**AIM OF THE EXERCISE**
All that is needed is the first stretch of the listing below, repeated exactly and ending with the line that contains "Το βιβλίο του". Pictures are to be left out.

**SOURCE DATA**

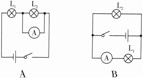 6.(1514)(2023年山东)下列电路中,闭合开关后,电流表能正确测量出通过灯泡$L_2$电流的是(
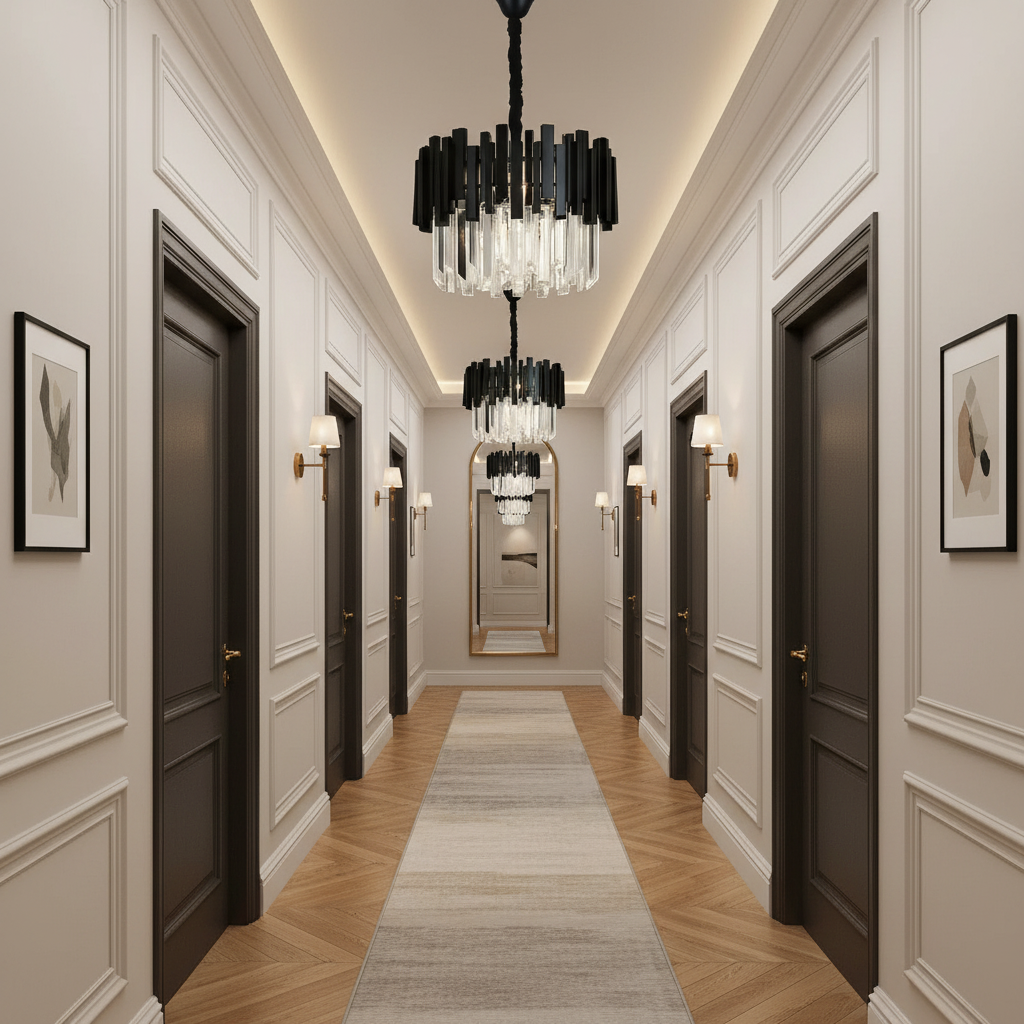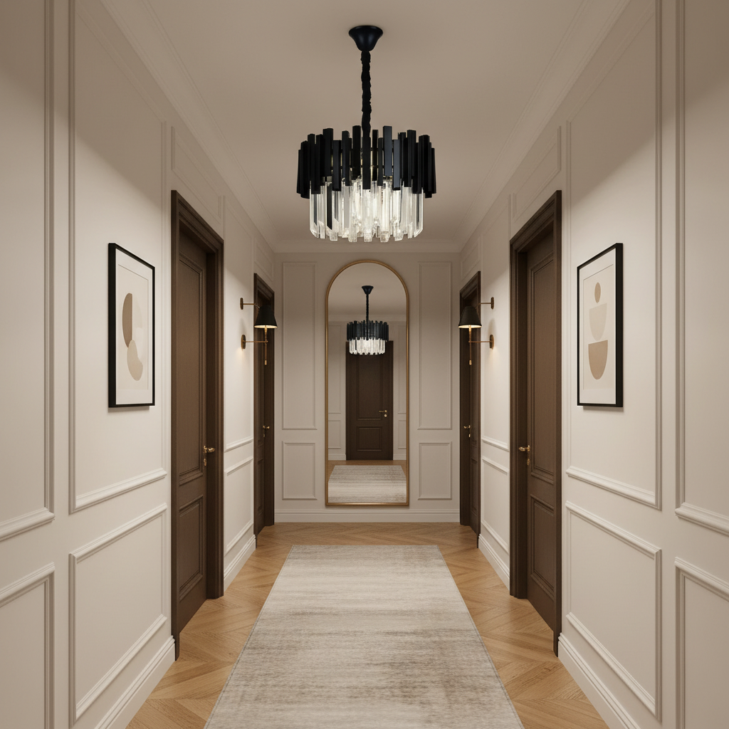 Acest minunat candelabru este conceput în totalitate din metal vopsit in camp electrostatic Negru si cristal K9 oferind un design unic, elegant, dar in acelasi timp modern. Coloristica de calitate oferă claritate superioară și strălucire, și totodată ofera un magnific joc de culori si lumini care va completa perfect atmosfera caminului tau.
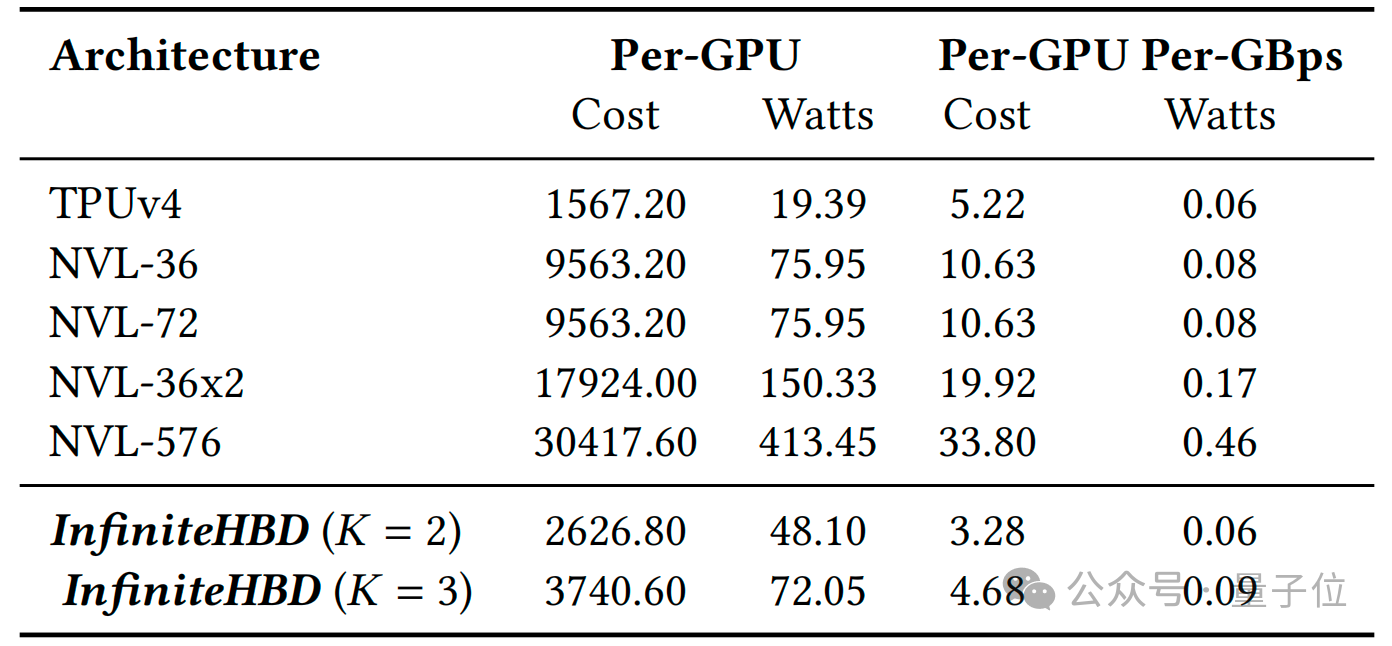 InfiniteHBD的单位成本仅为NVL-72的31%,GPU浪费率接近零(比NVL-72和TPUv4低一个数量级以上),且与NVIDIA DGX(每节点8个GPU)相比,MFU最高提升3.37 倍。
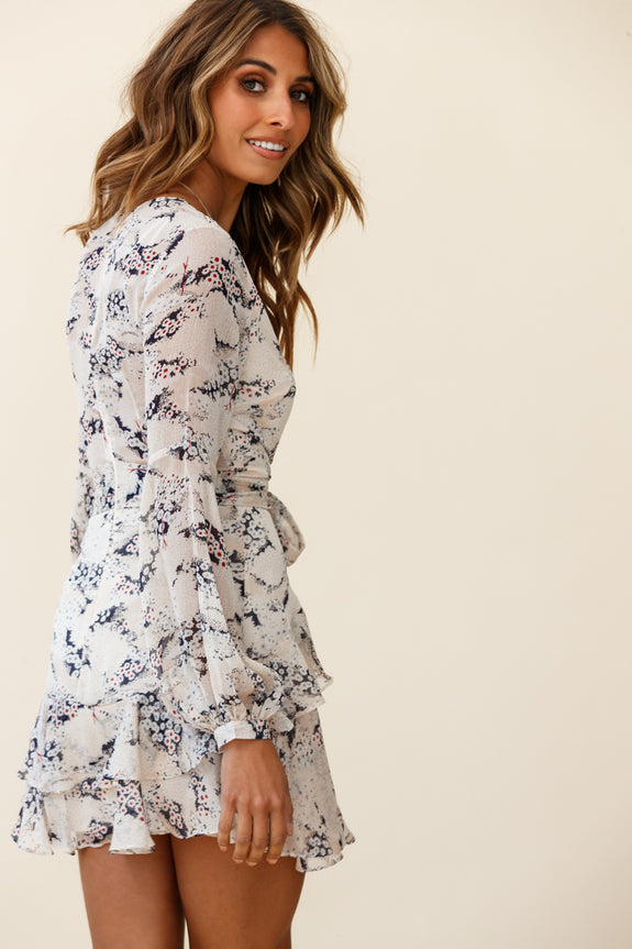 Work gala? Girls' night out? This pretty dress has you covered. Partially lined, with its on-trend ruffles, long balloon sleeves and flattering, faux-wrap neckline, you'll be turning heads everywhere you go. Pair it with single strap nude heels or ankle boots for a look we are loving.
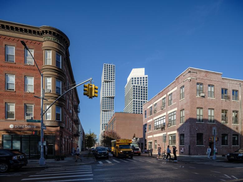 In addition to increasing physical separation between the tower and optimizing views, the massing breaks down the scale of the towers into blocks between four and eight stories tall, akin to the low-scale fabric of Greenpoint. (Photo: Jason O'Rear)
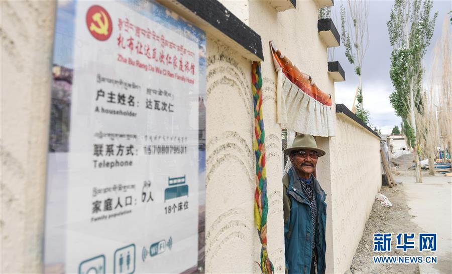 76歲的達(dá)瓦次仁在位于西藏阿里地區(qū)札達(dá)縣托林鎮(zhèn)札布讓村的家門口(7月30日攝)。新華社記者晉美多吉攝
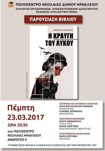 Το βιβλίο του Μ. Συλλιγάρδου, «Η ΚΡΑΥΓΗ ΤΟΥ ΛΥΚΟΥ» παρουσιάζεται στο Πολύκεντρο Νεολαίας του Δ.Η. την Πέμπτη 23 Μαρτίου και ώρα 20:30, με ελεύθερη είσοδο.
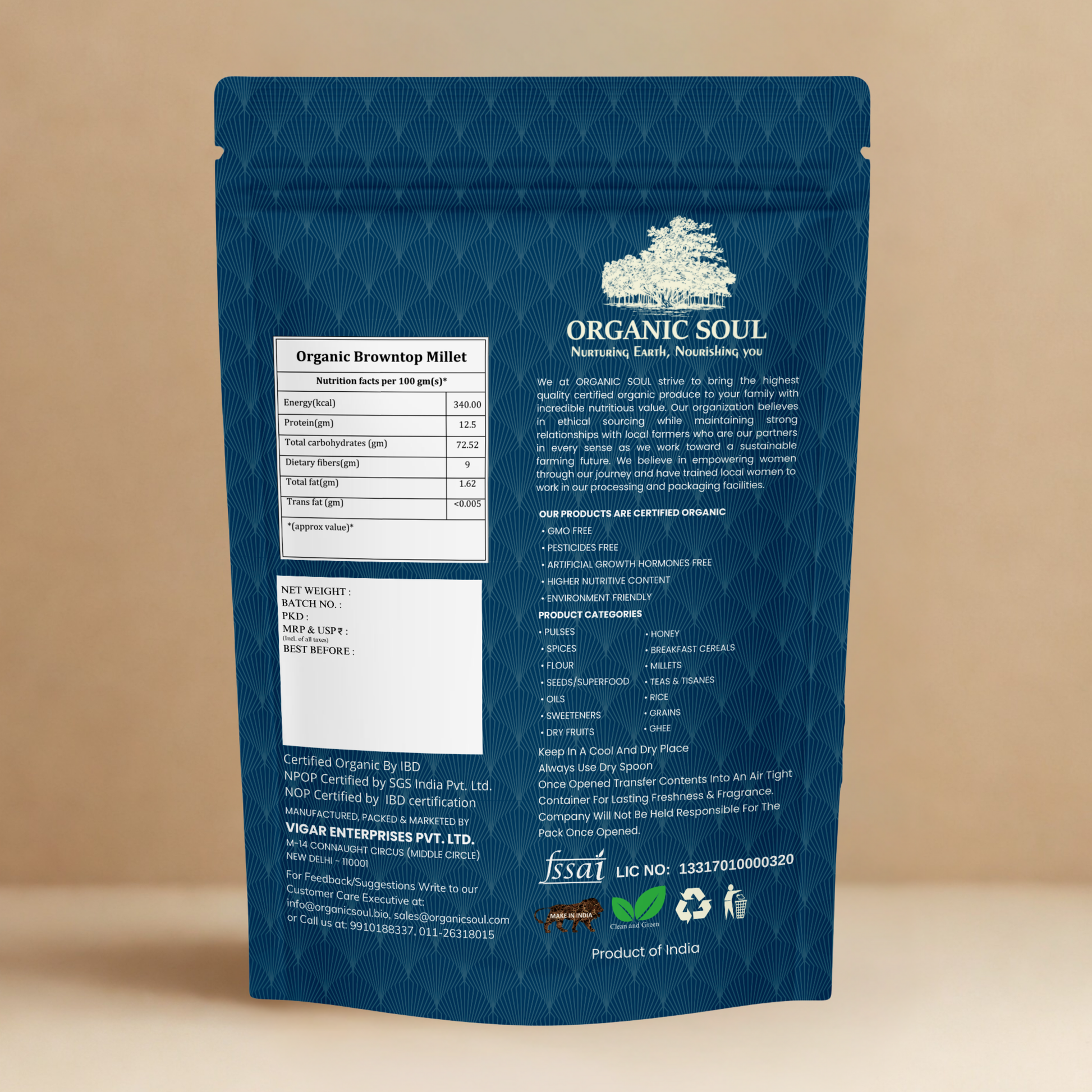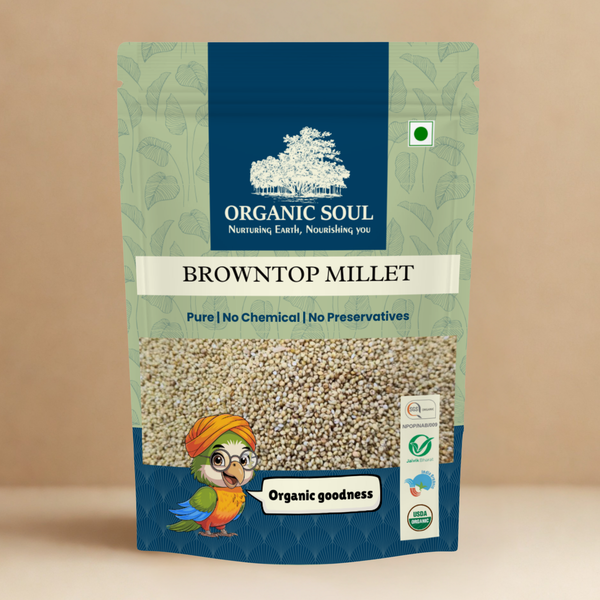 Organic Soul Browntop Millet comes in a 900gm pack, hygienically sealed to preserve freshness and quality. A simple, nutrient-packed millet that adapts beautifully into everyday cooking, Browntop Millet brings both health and taste to your plate.

**SOLUTION TO THIS PROBLEM**
 6.(1514)(2023年山东)下列电路中,闭合开关后,电流表能正确测量出通过灯泡$L_2$电流的是(
 Acest minunat candelabru este conceput în totalitate din metal vopsit in camp electrostatic Negru si cristal K9 oferind un design unic, elegant, dar in acelasi timp modern. Coloristica de calitate oferă claritate superioară și strălucire, și totodată ofera un magnific joc de culori si lumini care va completa perfect atmosfera caminului tau.
 InfiniteHBD的单位成本仅为NVL-72的31%,GPU浪费率接近零(比NVL-72和TPUv4低一个数量级以上),且与NVIDIA DGX(每节点8个GPU)相比,MFU最高提升3.37 倍。
 Work gala? Girls' night out? This pretty dress has you covered. Partially lined, with its on-trend ruffles, long balloon sleeves and flattering, faux-wrap neckline, you'll be turning heads everywhere you go. Pair it with single strap nude heels or ankle boots for a look we are loving.
 In addition to increasing physical separation between the tower and optimizing views, the massing breaks down the scale of the towers into blocks between four and eight stories tall, akin to the low-scale fabric of Greenpoint. (Photo: Jason O'Rear)
 76歲的達(dá)瓦次仁在位于西藏阿里地區(qū)札達(dá)縣托林鎮(zhèn)札布讓村的家門口(7月30日攝)。新華社記者晉美多吉攝
 Το βιβλίο του Μ. Συλλιγάρδου, «Η ΚΡΑΥΓΗ ΤΟΥ ΛΥΚΟΥ» παρουσιάζεται στο Πολύκεντρο Νεολαίας του Δ.Η. την Πέμπτη 23 Μαρτίου και ώρα 20:30, με ελεύθερη είσοδο.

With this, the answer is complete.